Location: Forage-animal Production ResearchTitle: Bimolecular fluorescence complementation studies support an in vivo interaction between the F-BOX protein COLD TEMPERATURE GERMINATING10 and PHYTOCHROME INTERACTING FACTOR1 Author
Submitted to: Plant Biology Annual Meeting
Publication Type: Abstract Only
Publication Acceptance Date: 5/26/2011
Publication Date: 6/22/2011
Citation: Kumar, S., Nayak, N., Martin, K., Schafermeyer, K., Lloyd, T., Dinkins, R.D., Goodin, M., Downie, A.B. 2011. Bimolecular fluorescence complementation studies support an in vivo interaction between the F-BOX protein COLD TEMPERATURE GERMINATING10 and PHYTOCHROME INTERACTING FACTOR1. Plant Biology Annual Meeting. ICAR 2011; University of Wisconsin-Madison. Abstract #511. Interpretive Summary:
Technical Abstract: The Arabidopsis thaliana F-BOX protein COLD TEMPERATURE GERMINATING10 (CTG10) was identified from an activation tagged mutant screen as causing seeds to complete germination faster than wild type at 10°C when its expression is increased (Salaita et al. 2005. J. Exp. Bot. 56: 2059). Our unpublished data suggest its role in germination is affected by light. There is substantial in vitro and circumstantial evidence of CTG10s interaction with the bHLH transcription factor PHYTOCHROME INTERACTING FACTOR1 (PIF1) known to be a negative regulator of germination in darkness. To further test our hypothesis we have used a technique called Bimolecular Fluorescence Complementation (BiFC). Transient expression of CTG10 fused with the amino-terminal portion of the eYFP reporter (CTG10:Y) and PIF1 fused to the carboxy-terminal moiety (PIF1:FP) led to YFP fluorescence in the nucleus of Nicotiana tobaccum cells 24 hours following bombardment with nano-gold particles carrying these two plasmids.

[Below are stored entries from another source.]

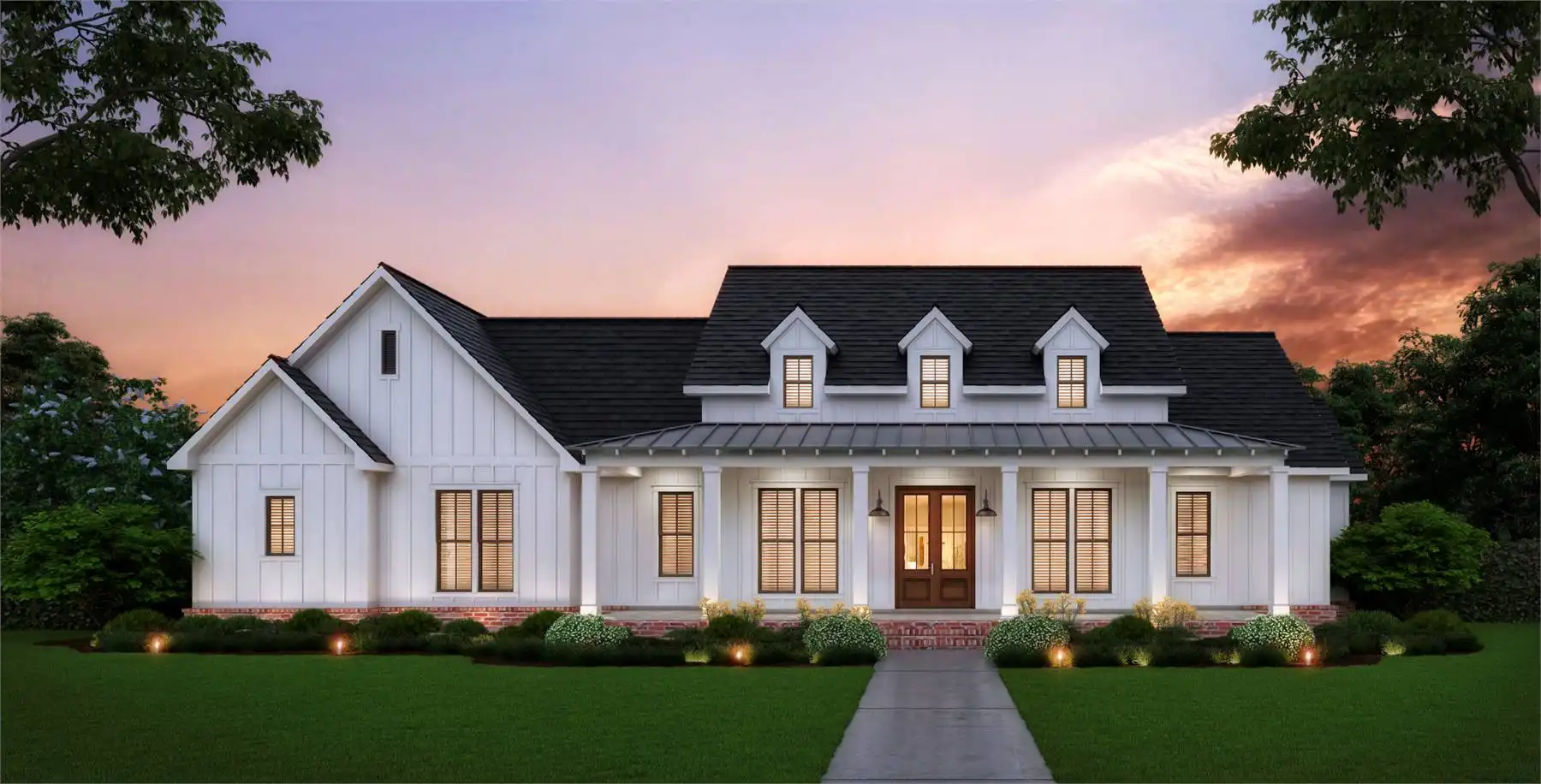 A spacious ranch-style layout enhances the comfort and accessibility of this 2,216 square foot modern farmhouse plan. An inclusive and welcoming design both inside and out will make coming home every day a treat that you always look forward to. A focus on togetherness is found throughout this home, including in the 17' vaulted family room which joins with the island kitchen, as well as the massive outdoor entertainment area. A highlight of this home includes the feature that every bedroom has its own walk-in closet, including the master which has a stunningly large wardrobe! For extra space and customization, this plan even offers a full bonus room and bathroom, located directly above the carport.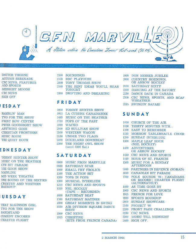 - CFN Daily Programme Schedule, page 15 - 2 March 1966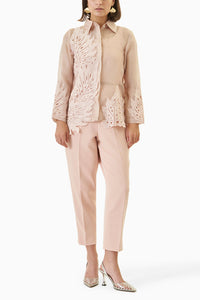 Featuring the Dusty Pink Leaf Applique Coord Set meticulously crafted from delicate organza. Its enchanting pink color and design exude timeless elegance, making it perfect for special occasions. Elevate your style gracefully.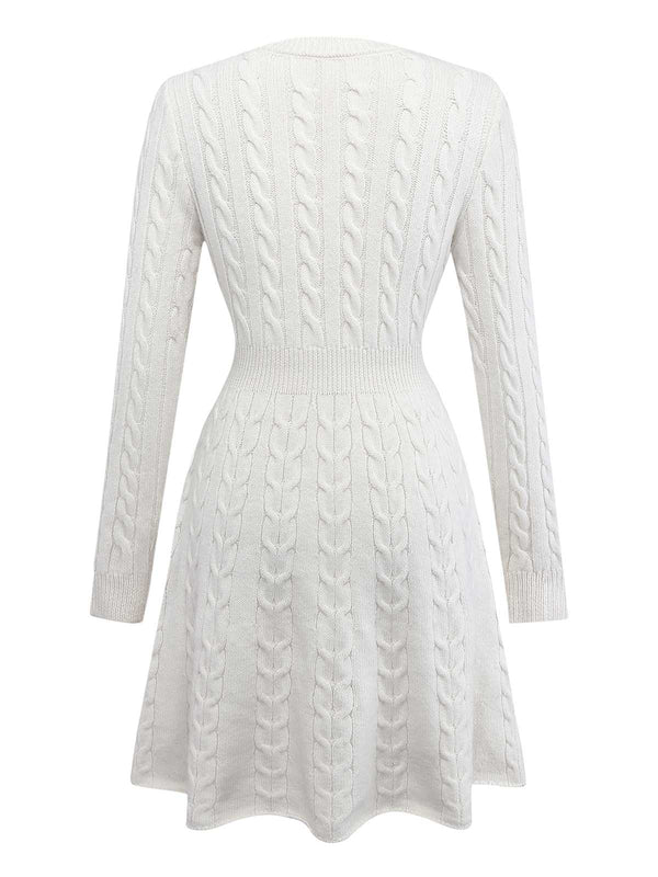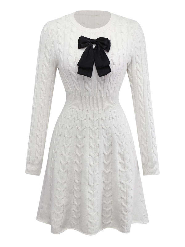 Weiß 1970er Bogen Dekor Stricken Pullover Kleid

The development of fluorescence due to protein:protein interaction between CTG10:Y and PIF1:FP was similar to that of two nuclear localized and interacting proteins of the nucleorhabdovirus, Sonchus Yellow Net Virus (SYNV): the phosphoprotein (P), and the HLH-containing nucleocapsid protein (N) (Deng et al. 2007. J. Virology 81: 5362). Negative controls included CTG10:Y or PIF1:FP alone, the two viral proteins alone, CTG10:Y+SYNV-N:FP, and SYNV-P:Y:PIF1:FP. Cells receiving nanogold and their transcriptional/translational capacity was confirmed by including a plasmid constitutively expressing nuclear localized DsRED or the tubulin-targeting MICROTUBULE ASSOCIATED PROTEIN65-1 (MAP65-1:DsRED) on the particles for each bombardment.